Stohrer cited in-house research that showed gains in popularity in the U.S. for the slider form factor and the Slash’s messaging options as a few of the specifics behind the handset’s launch.
Those factors, combined with the “right” price and service, provide the much-sought-after subscriber stickiness sought by all carriers, Stohrer said. For Virgin Mobile USA, the “right” price generally falls at or well below $100, he said.
“We think our existing customer base will migrate up to this handset for a long-term relationship with us,” Stohrer said. “We’re seeing movement toward QWERTYs and sliders.”

Mutual benefit
The mutual attraction of the two parties is obvious, according to analyst Avi Greengart at Current Analysis.

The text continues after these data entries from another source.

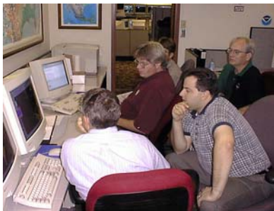
The forecast team evaluates numerical model output during simulated operational forecasting exercises in the 2001 NSSL/SPC Spring Program.
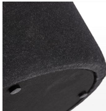
Glides / TO
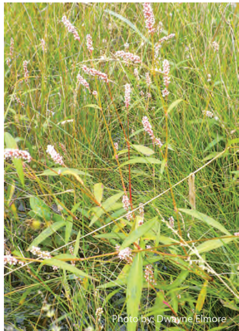
Smartweed, a native moist-soil plant, supports a diversity of invertebrates and provides seeds that are slow to deteriorate during winter.

Moist-soil plants are those that typically grow in wetland soils. Their foliage and seeds persist longer after flooding than most agriculture crops. Most agricultural crops deteriorate by 50 percent or more after being flooded for 90 days whereas native plants, such as smartweed, deteriorate about 20 percent or less during the same time period. Smartweeds, sedges, and panic grasses are some examples of native moist-soil plants. Native plants also support a high density and diversity of insects and other organisms that complete the nutritional needs of waterfowl. Waterfowl that feed in native plant stands have been shown to be in better physical condition for migration and breeding compared to those eating grain crops. Managing native wetland plants is generally much cheaper than planting cultivated crops. Also, native plants can be legally manipulated for hunting, whereas planted agricultural crops cannot (see sidebar: Federal Regulations for Baiting Dove and Waterfowl on page 48).
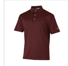
Deep Maroon (25F34MP-699)
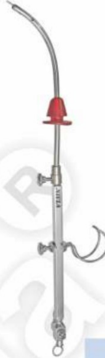
CURRIE CANULA NB-272 13"
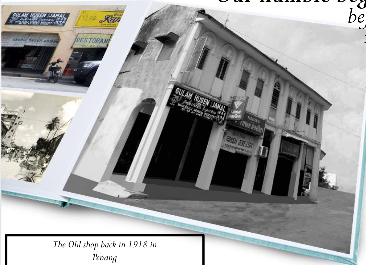
The Old shop back in 1918 in Penang
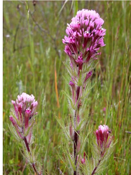
Purple Owl's Clover Castilleja exserta ssp. exserta Native Annual Snapdragon Family
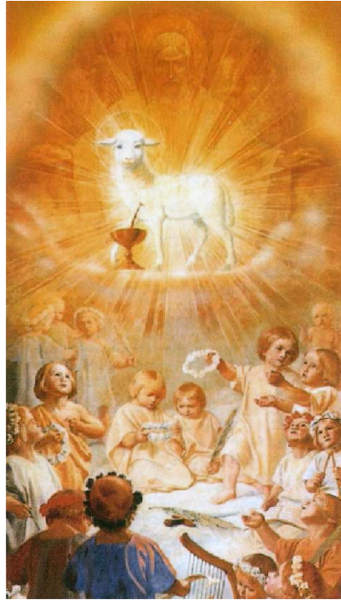
ATONEMENT MASS for the Guilt of Abortion

Brüder Samariter FLUHM Kloster Hafnerberg 13 A-2571 Altenmarkt/Triesting

“The reason a handset vendor goes with an MVNO is to drive volume sales,” Greengart said. “Virgin Mobile is a successful MVNO with literally millions of subscribers; they’re a target for any major handset vendor.”
“I’m surprised that it’s taken this long to work with a CDMA MVNO like Virgin,” he added. “But I think they’ll sell a lot of phones there. At Virgin’s end, having Samsung broadens their handset brand selection.”
The Slash in particular represents a compact, modern slider form factor, which is attractive to American consumers, the analyst said. Greengart did point out that the “fake chrome” on the face of the handset diminishes a sense of value.
Tough competition
Greengart is taking a “slightly negative” stance on the handset in the context of Virgin Mobile USA’s portfolio, however, because the VGA camera-equipped Slash competes with two lower-priced camera phones – the Kyocera Wireless Corp. Cyclops, a $50 clamshell with a one-megapixel camera but no Bluetooth, and the UTStarcom Corp. Super Slice at $50, a thin bar-style handset with VGA camera and Bluetooth.
Nonetheless, for Virgin Mobile USA’s demographic, Samsung may indeed achieve the sought-after volumes, the analyst said. Volume sales typically are cited as a metric favored by Wall Street, Greengart said, but volume also is important to vendors to keep component prices low and shoulder a portion of overall advertising costs.
Should Virgin Mobile USA and fellow MVNO Helio L.L.C. merge – talks are acknowledged – Samsung will respond.
“Whatever the outcome, we’ll be happy to provide handsets to the new entity,” Titus said.